Sometimes we just feel the need to be heard, and it’s 100% ok to experience negative emotions – it’s what makes us human. Having said that, it’s not fun to feel crappy. If you were to take a sip of tea that was too hot and burned your tongue, you wouldn’t just keep chugging it down, right? Similarly, don’t make your misery last any longer than it needs to. Whether you tell someone about how you feel or you scribble everything in a journal, let yourself get it all out somehow – just don’t dwell on it for longer than 15 minutes.

keep moving forward

2. Remember that nobody else is as hard on yourself as you are

This is SUCH a huge one because we are by far our own worst critics. If you find yourself obsessing about how you don’t like a physical characteristic (especially one that you have zero control over), know that the majority of people you come in contact with today probably won’t even think twice about it.
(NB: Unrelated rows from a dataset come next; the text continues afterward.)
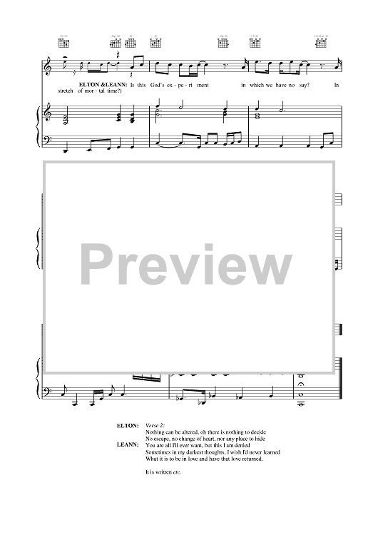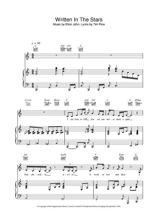 Digital Sheet Music for Written In The Stars by LeAnn Rimes, Elton John scored for Piano/Vocal/Chords; id:377268
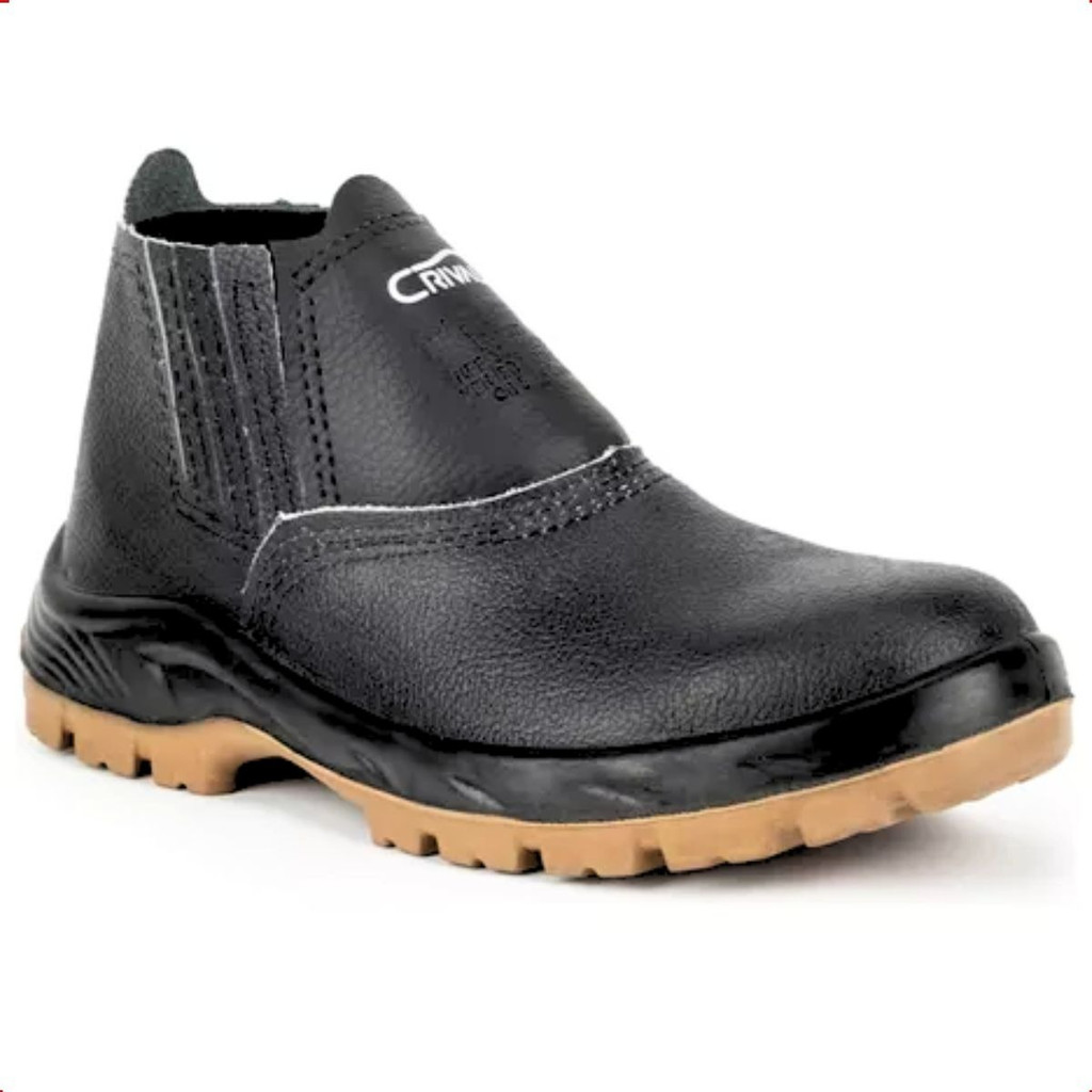 Botina Bico de Aço Preta Bidensidade Crival Fechamento Elástico Segurança Queda Epi Obra com CA
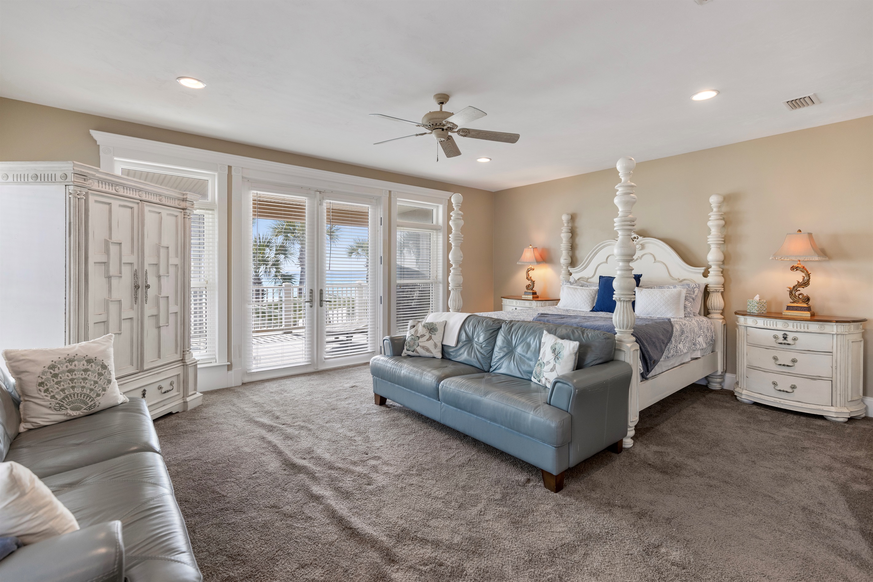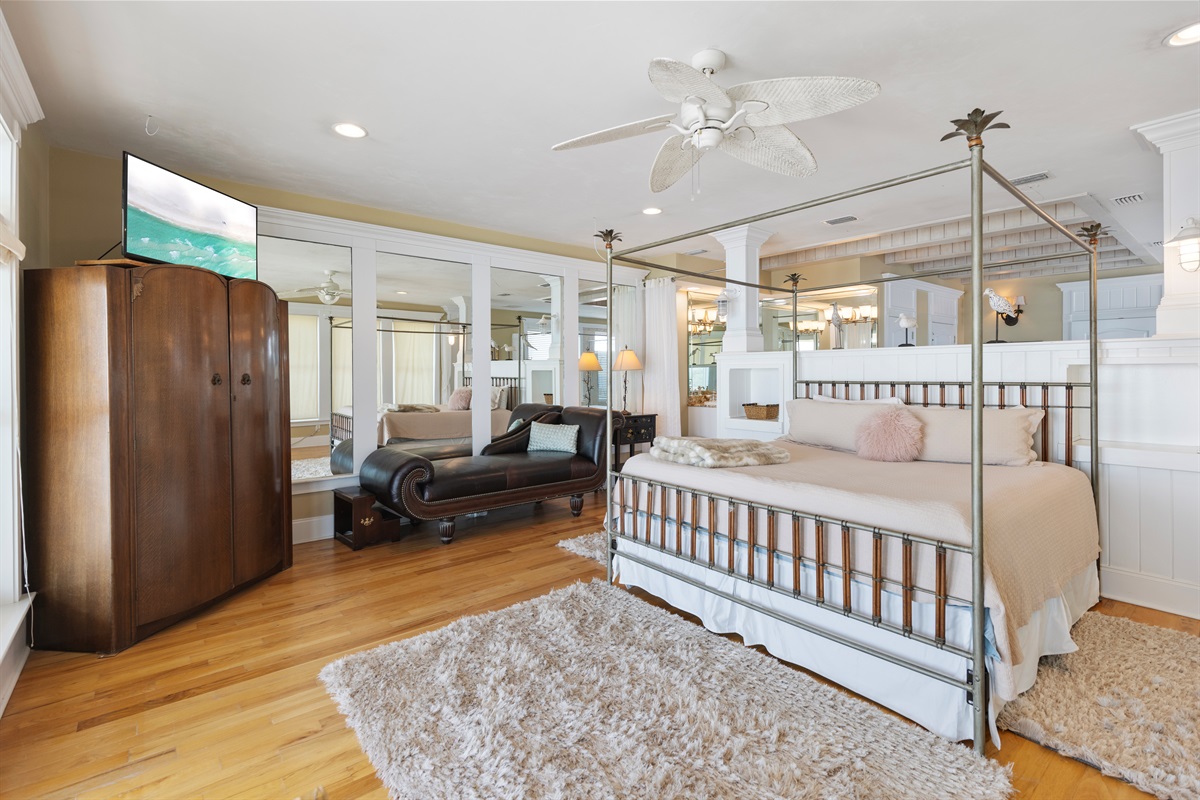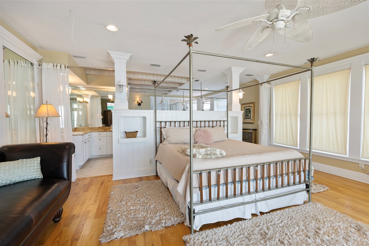 Primary Suite (Fourth Floor): King bed and ensuite bath, private balcony, reading nook, elevator access, breathtaking Gulf views

I’ve always loved the quote “where attention goes, energy flows”, and I think it works in reverse too. If you dwell on something you’re unhappy with, you’ll only draw your own attention and that of others toward it. Similarly, if you only pay attention to the thing that’s got you upset, that negative energy is only going to become more intense and dig your mind back out of.

3. Stay off social media

You’ve heard this one before, but social media is a constant stream of people’s highlights. Yes, unfiltered photos may be real life, but still, you’re seeing the highlights and not the unglamorous, less photo-worthy times. On bad body image days, take a social media detox and if you truly can’t avoid it, remember that filters and photo-altering tools are everywhere. In real life there could be way more there (or not there) than meets the eye. Instead of looking at photos and videos of perfection on social media, I’d like to propose that you….

4. Spend time with real people

Yep, real-life people that you see face-to-face, that haven’t been starving themselves as they prepare for magazine cover shoots and don’t have flawlessly airbrushed skin. Have real conversations, laugh (laughing = muscular contractions = endorphins = instant happy pill!) and keep your phone in your bag.

comparison is the thief of joy

5. Be really kind, helpful, and otherwise awesome to someone else

Rather than dwelling on your own negativity and self talk, flip your focus and help someone else. I’m an introvert, but by that I don’t mean that I don’t like to be around other people. I simply mean that being around a lot of people repeatedly tends to drain my energy, and I need to be on my own for a while in order to top it back up again. By contrast, extroverts get their energy from being in the presence of others. Why does this matter?

Well, as an introvert I tend to spend a lot of time in my own head, whether that’s in the car while driving around and doing errands, or on a long bike ride or run. I adore this time because it’s produced some of my best ideas, but it also means I spend a lot of time thinking about ME. If you’re the same, all of the focusing on yourself can make it easy to identify and dwell on things you’re unhappy with, and hence start a flow of negative thoughts. But why not channel that energy into helping somebody else?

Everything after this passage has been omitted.